* _Problem to work on_
Each line of the listing below must be retyped as given.

* _Source data_
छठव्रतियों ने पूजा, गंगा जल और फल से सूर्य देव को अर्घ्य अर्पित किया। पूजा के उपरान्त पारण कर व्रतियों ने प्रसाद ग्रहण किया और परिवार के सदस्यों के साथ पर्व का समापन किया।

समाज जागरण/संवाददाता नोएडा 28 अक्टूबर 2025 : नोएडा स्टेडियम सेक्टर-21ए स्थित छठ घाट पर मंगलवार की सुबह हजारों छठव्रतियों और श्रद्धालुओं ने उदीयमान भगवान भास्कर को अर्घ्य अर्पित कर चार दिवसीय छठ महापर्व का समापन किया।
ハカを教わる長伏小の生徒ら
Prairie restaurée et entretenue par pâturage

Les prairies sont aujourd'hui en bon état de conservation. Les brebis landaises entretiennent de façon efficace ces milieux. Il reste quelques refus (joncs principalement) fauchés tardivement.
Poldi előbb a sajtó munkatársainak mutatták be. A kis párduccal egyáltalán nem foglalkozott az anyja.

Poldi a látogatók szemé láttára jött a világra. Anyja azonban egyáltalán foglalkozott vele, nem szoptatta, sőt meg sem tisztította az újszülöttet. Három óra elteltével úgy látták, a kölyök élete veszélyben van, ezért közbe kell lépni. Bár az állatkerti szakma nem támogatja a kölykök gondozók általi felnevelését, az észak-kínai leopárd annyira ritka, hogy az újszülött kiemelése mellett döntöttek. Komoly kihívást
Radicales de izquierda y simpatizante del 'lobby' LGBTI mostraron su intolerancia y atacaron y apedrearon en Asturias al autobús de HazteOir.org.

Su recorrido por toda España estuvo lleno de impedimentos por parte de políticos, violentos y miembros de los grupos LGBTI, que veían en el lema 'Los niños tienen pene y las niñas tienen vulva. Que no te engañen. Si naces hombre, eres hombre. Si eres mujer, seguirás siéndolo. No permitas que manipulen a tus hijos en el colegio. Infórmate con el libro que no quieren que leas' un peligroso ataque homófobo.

* _Result of the task_
छठव्रतियों ने पूजा, गंगा जल और फल से सूर्य देव को अर्घ्य अर्पित किया। पूजा के उपरान्त पारण कर व्रतियों ने प्रसाद ग्रहण किया और परिवार के सदस्यों के साथ पर्व का समापन किया।

समाज जागरण/संवाददाता नोएडा 28 अक्टूबर 2025 : नोएडा स्टेडियम सेक्टर-21ए स्थित छठ घाट पर मंगलवार की सुबह हजारों छठव्रतियों और श्रद्धालुओं ने उदीयमान भगवान भास्कर को अर्घ्य अर्पित कर चार दिवसीय छठ महापर्व का समापन किया।
ハカを教わる長伏小の生徒ら
Prairie restaurée et entretenue par pâturage

Les prairies sont aujourd'hui en bon état de conservation. Les brebis landaises entretiennent de façon efficace ces milieux. Il reste quelques refus (joncs principalement) fauchés tardivement.
Poldi előbb a sajtó munkatársainak mutatták be. A kis párduccal egyáltalán nem foglalkozott az anyja.

Poldi a látogatók szemé láttára jött a világra. Anyja azonban egyáltalán foglalkozott vele, nem szoptatta, sőt meg sem tisztította az újszülöttet. Három óra elteltével úgy látták, a kölyök élete veszélyben van, ezért közbe kell lépni. Bár az állatkerti szakma nem támogatja a kölykök gondozók általi felnevelését, az észak-kínai leopárd annyira ritka, hogy az újszülött kiemelése mellett döntöttek. Komoly kihívást
Radicales de izquierda y simpatizante del 'lobby' LGBTI mostraron su intolerancia y atacaron y apedrearon en Asturias al autobús de HazteOir.org.

Su recorrido por toda España estuvo lleno de impedimentos por parte de políticos, violentos y miembros de los grupos LGBTI, que veían en el lema 'Los niños tienen pene y las niñas tienen vulva. Que no te engañen. Si naces hombre, eres hombre. Si eres mujer, seguirás siéndolo. No permitas que manipulen a tus hijos en el colegio. Infórmate con el libro que no quieren que leas' un peligroso ataque homófobo.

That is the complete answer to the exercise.